Any Optimization from Practice Is Much Harder

We adopted an orphan python web project this week, it was maintained by lots of developers once.The former maintainers haven't stopped the bad smell in the project.Now it has serious performance problems, opening a page will cost several seconds (usually 3~5s, how terrible), users complain about it, we have to face the problem and solve it.

My mentor noticed there were several SELECT COUNTs on the dashboard page.It was meaningless to make it such real-time:

class Car(model):
    @classmethod
    def count(cls, category):
        # select count from db

The optimization was just caching the count result:

class Car(model):
    @classmethod
    @cache('car:{category}:count', expire=30)
    def count(cls, category):
        # select count from db

I used this quick and not dirty way.Then users felt the speed improvement on the dashboard page.

But you entered every category list page, still slow.Mysql explain showed category query type is all, the worst possible type. The query contains two where conditions and an order. I tried add index to one of where condition, type became range.After I add indices to other fields, it became ref, which can be accepted.

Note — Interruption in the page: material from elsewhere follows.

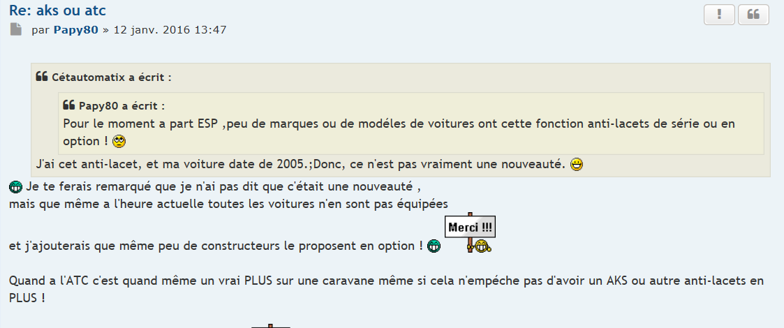 bertone a écrit : ↑28 déc. 2017 14:48Je ne condamne pas systématiquement ces nouveaux systèmes de sécurité...mais ,"thithi"je suis désolé c'est la moindre des choses de savoir analyser la route lorsque l'on tracte une caravane ou autre grosse remorque , conaitre le sens du vent et son intensité!!

At that time, average request cost was 1000ms.

Thanks to the app engine team, by adding app_engine_profile=true to every URL we can easily get the detail for profiling.I tried, gzip were called 60000 times and cost 400ms in production environment, but other projects did not show these abnormal gzip calls.With the hint of my menter, I looked into the application entry point.

When I totally commented the gzip middleware, request time declined from 120ms to 20ms in development environment.It was convinced that some hot spots related to gzip, then I noticed the application's return value:

class Publisher(object):

    def __call__(self, env, start_response):
        body = 'string'
        return body # Iterable object.

Wow, every body knows it's an iterable object and every article about WSGI will tell you not send the output one byte by one byte, but the developers still did this.It caused gzip is applied to every single byte.Changing it to return [body] or yield body solved this problem.

This aftermoon, when I deployed the modified code to staging, the production environment raised a lot of exceptions caused by mako cache.I checked, the project saved mako cache to mfs and the two environments used the same mako cache.After solved this bug, the speed may be a little improvement, because mfs is a distributed network file system.

In the end, the project performance had a considerable improvement, but still a lot of work to do.